Speaker B: Yeah, no, that's interesting. And you know, speaking as a customer and the spouse of a customer as well, like, you know, my wife and I get very different emails.

Speaker C: Yes, that's probably right.

Speaker B: It seems like Wayfair knows that I'm a simple guy, not really good with My hands. But I'll do it anyway. I'll muddle through. So they send me things that are easy to build.

Speaker C: Yep.

Speaker B: And basic colors and stuff like that. But they know exactly what my wife likes, too, and it's. It's not the same stuff. She buys a lot more than I do, so.

Speaker C: So she probably gets, you know, maybe something a little bit more design oriented, you know, maybe more exciting, more edgy.

Speaker B: Yeah, exactly. If this weren't. If my bookshelf weren't in my plane of vision, I'm not sure I could tell you exactly what color it is.

Speaker C: There you go.

Speaker B: I think it's black or charcoal or something, but, um.

Speaker C: Well, we want to. You know, I think you actually, though, are articulating this sort of range of customers that we have on the site. Right. We have, you know, people that are searching for sort of a purely functional reason, which might describe you a bit to. All the way to sort of, you know, design enthusiasts. Right. And that to the extent that we can make the storefront experience meet your needs, you probably want to find that product really quickly. You want to know it's easy to build. You want the delivery to be really quick to. Your wife may want to browse more. She may want to, you know, use our tools that allow you to create different imagery and create nice AI generated images. She could say, you know, please, you know, do a picture of an office with a brown bookshelf in it and then add on to it a plant and a light and, you know, a piece of wall art. And, you know, her attempts to maybe judge up your office a bit, but the tools allow her to do that now, and we want to make sure she finds those tools quickly, that she can play with them in a way that feels like it's supporting her and allowing her to go as deep as she wants to go.

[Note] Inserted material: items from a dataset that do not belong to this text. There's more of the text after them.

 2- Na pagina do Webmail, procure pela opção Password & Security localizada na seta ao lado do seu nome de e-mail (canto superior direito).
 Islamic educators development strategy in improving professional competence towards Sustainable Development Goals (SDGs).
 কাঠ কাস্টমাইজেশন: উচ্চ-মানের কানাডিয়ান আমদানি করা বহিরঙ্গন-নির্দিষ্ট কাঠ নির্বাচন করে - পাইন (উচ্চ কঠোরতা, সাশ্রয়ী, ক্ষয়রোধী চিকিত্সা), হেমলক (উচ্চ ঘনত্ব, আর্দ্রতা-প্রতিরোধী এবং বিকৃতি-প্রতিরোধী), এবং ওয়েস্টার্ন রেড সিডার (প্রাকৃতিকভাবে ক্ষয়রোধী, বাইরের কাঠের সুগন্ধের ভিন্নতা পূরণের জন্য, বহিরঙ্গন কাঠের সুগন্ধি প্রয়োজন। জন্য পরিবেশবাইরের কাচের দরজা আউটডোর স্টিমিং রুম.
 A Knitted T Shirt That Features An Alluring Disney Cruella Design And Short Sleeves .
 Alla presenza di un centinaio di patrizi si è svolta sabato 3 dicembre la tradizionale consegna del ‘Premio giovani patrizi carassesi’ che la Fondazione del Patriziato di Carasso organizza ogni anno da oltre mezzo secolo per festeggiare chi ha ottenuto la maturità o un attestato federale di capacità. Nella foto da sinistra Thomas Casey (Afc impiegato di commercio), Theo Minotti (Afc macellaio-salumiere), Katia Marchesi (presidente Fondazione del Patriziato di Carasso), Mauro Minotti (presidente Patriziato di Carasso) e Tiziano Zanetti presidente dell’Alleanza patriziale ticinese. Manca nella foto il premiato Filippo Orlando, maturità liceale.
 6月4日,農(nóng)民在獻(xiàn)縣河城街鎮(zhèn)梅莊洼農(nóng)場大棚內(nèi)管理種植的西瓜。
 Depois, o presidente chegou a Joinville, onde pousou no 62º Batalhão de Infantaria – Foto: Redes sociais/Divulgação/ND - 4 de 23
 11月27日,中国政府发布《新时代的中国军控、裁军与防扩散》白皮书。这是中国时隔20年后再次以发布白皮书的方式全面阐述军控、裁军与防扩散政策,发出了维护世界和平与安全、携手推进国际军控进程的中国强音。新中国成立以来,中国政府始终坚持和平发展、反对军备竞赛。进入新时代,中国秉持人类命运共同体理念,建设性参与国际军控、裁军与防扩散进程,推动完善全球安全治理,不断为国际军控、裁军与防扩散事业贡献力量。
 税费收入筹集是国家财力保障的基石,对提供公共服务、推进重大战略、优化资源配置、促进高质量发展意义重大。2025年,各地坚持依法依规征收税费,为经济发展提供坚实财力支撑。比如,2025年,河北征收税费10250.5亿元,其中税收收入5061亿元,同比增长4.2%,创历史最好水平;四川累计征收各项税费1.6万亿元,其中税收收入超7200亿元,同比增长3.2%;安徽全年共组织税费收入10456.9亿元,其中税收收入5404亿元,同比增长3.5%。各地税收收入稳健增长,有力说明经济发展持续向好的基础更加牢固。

Speaker B: Sounds like. Do you and Beth know each other?

Speaker C: Sounds like you've met our, you know, our best shoppers, share a lot of similarities.

Speaker B: So you go. So cool. Well, you actually stole my thunder. I was going to wow you with the fact that I know the name of your cto, Fiona.

Speaker C: Oh. Uh, so. I'm so sorry about that. I preempted you, Jack.

Speaker B: Yeah, we'll have to edit that part out so I get credit for my knowledge. But, you know, another question. I get more and more. And we were talking about AI, but you know, that partnership with the cio. Because you guys, you're going to implement this, right? Because if you don't, your competition is. And they're just going to crush you. Uh, so what is that relationship between the two of you, like, if I may ask?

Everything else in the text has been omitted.